* [Activity]
Begin with the first line of the material and write out each line exactly, ending with the line that contains "- Biosharp Weighing". Pictures are not part of the copy.

* [Data extract]
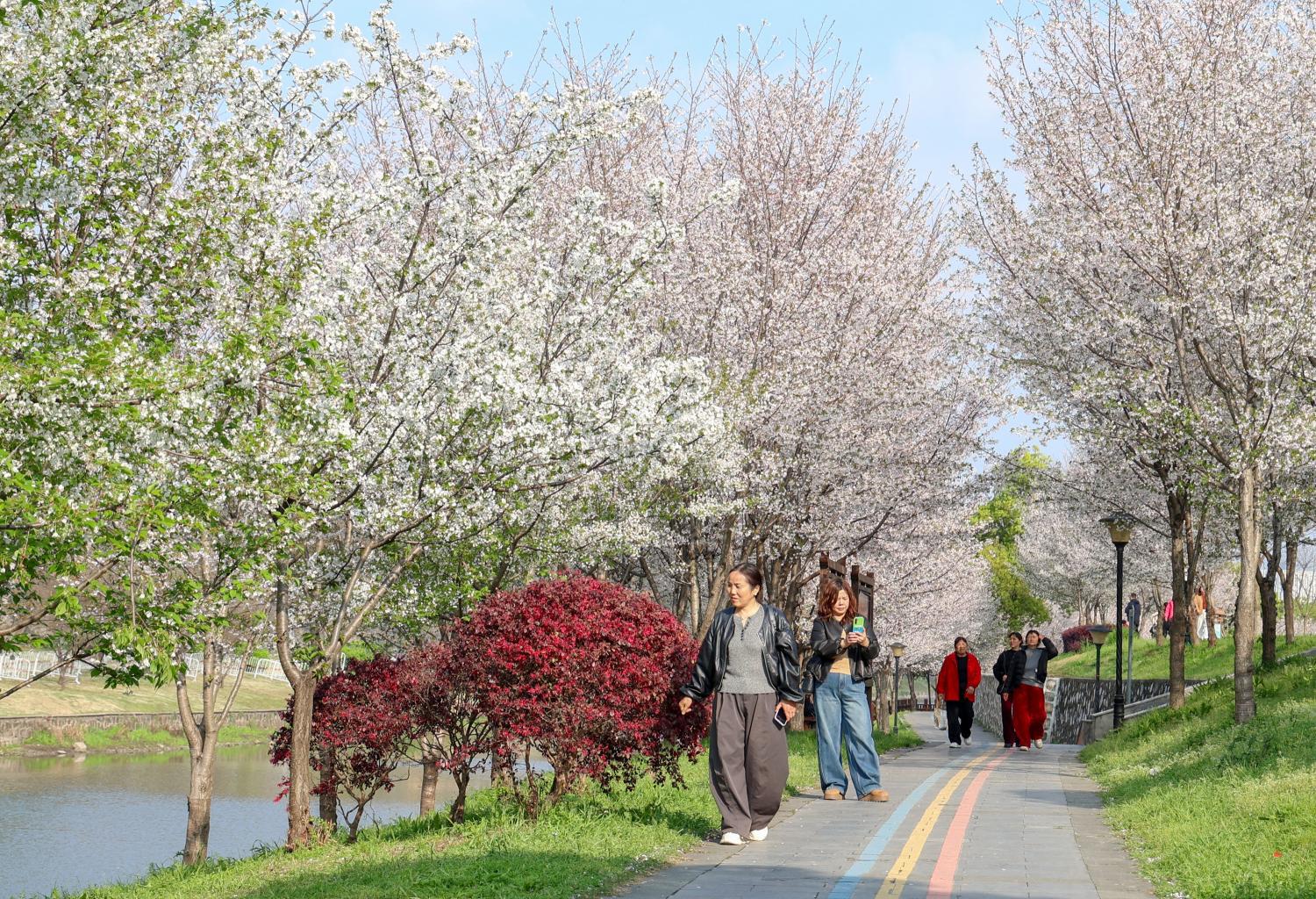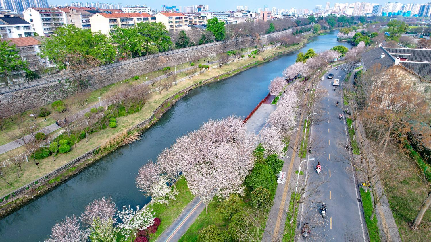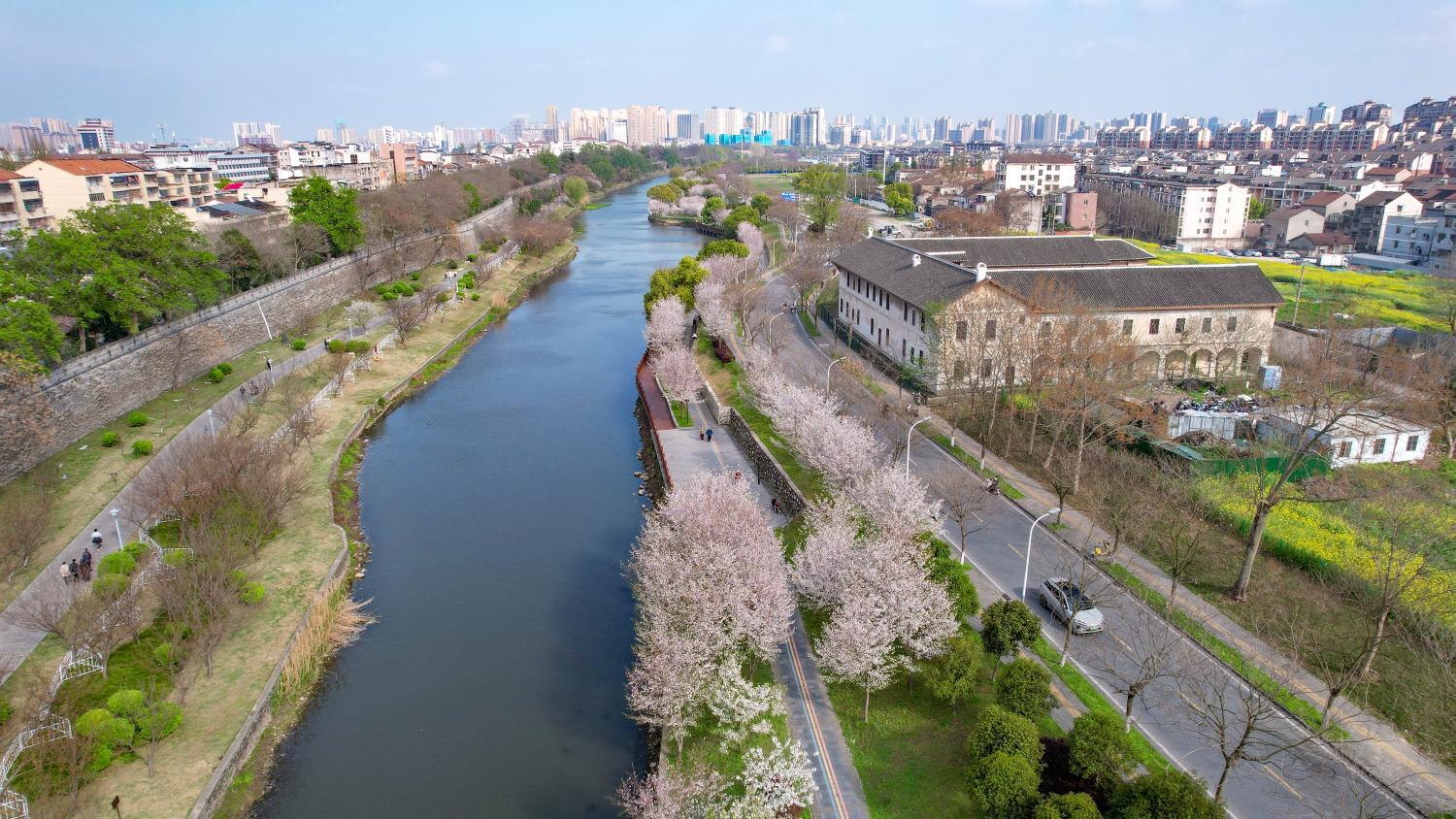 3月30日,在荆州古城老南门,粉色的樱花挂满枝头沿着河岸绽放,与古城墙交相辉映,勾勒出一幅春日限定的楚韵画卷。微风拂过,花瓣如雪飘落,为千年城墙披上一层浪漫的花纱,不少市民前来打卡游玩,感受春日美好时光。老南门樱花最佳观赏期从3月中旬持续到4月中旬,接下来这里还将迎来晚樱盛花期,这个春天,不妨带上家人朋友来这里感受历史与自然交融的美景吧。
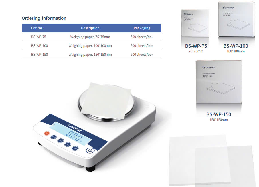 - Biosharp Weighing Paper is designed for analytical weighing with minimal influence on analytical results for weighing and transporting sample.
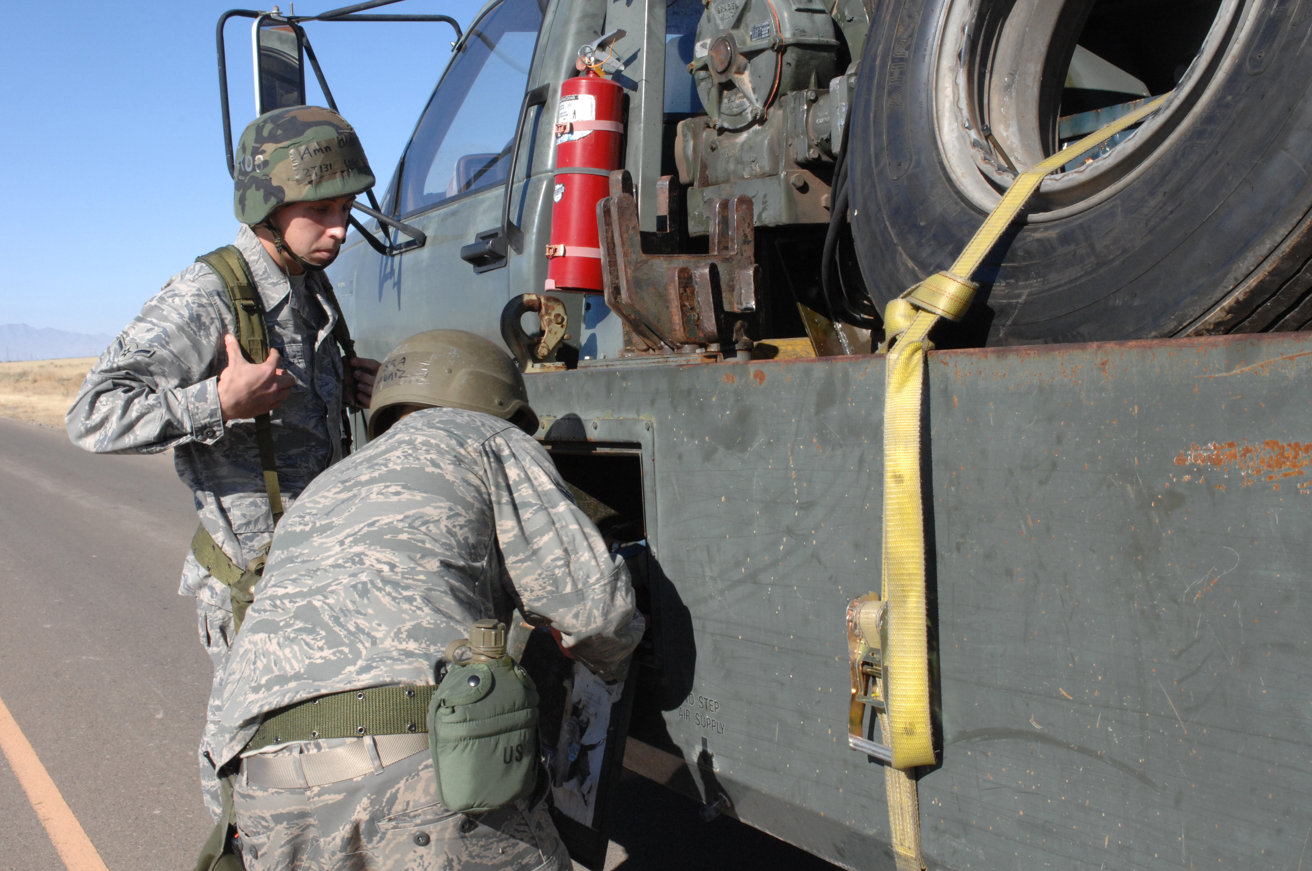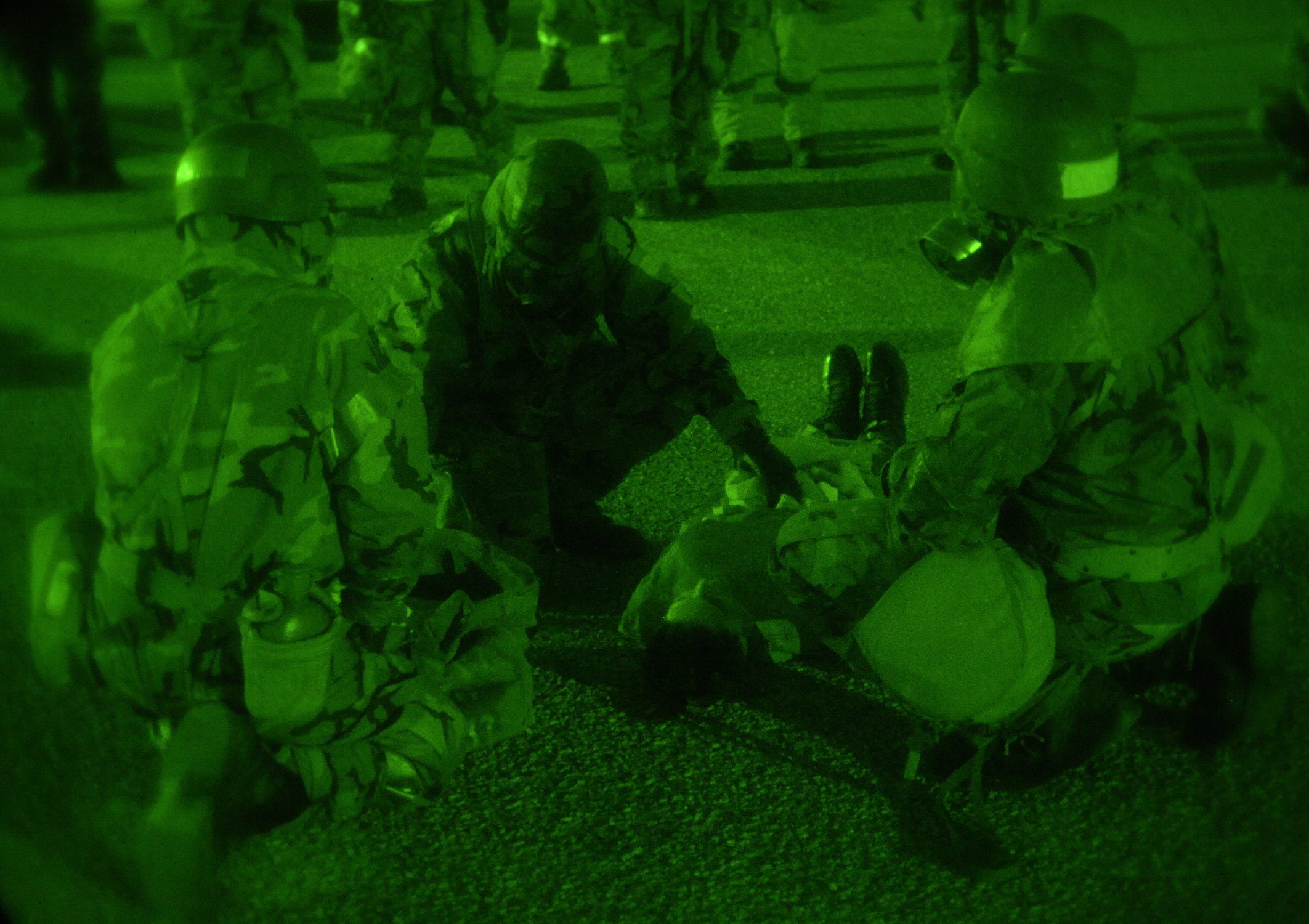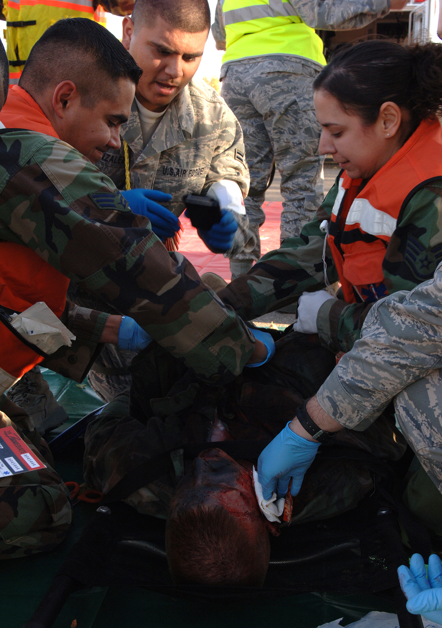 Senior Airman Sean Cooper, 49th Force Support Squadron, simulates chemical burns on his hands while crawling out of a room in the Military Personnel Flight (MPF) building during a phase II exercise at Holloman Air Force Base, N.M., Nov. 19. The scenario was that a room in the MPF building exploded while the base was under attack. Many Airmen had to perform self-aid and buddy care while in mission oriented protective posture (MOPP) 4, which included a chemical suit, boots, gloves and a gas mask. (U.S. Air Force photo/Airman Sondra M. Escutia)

* [Exercise result]
 3月30日,在荆州古城老南门,粉色的樱花挂满枝头沿着河岸绽放,与古城墙交相辉映,勾勒出一幅春日限定的楚韵画卷。微风拂过,花瓣如雪飘落,为千年城墙披上一层浪漫的花纱,不少市民前来打卡游玩,感受春日美好时光。老南门樱花最佳观赏期从3月中旬持续到4月中旬,接下来这里还将迎来晚樱盛花期,这个春天,不妨带上家人朋友来这里感受历史与自然交融的美景吧。
 - Biosharp Weighing Paper is designed for analytical weighing with minimal influence on analytical results for weighing and transporting sample.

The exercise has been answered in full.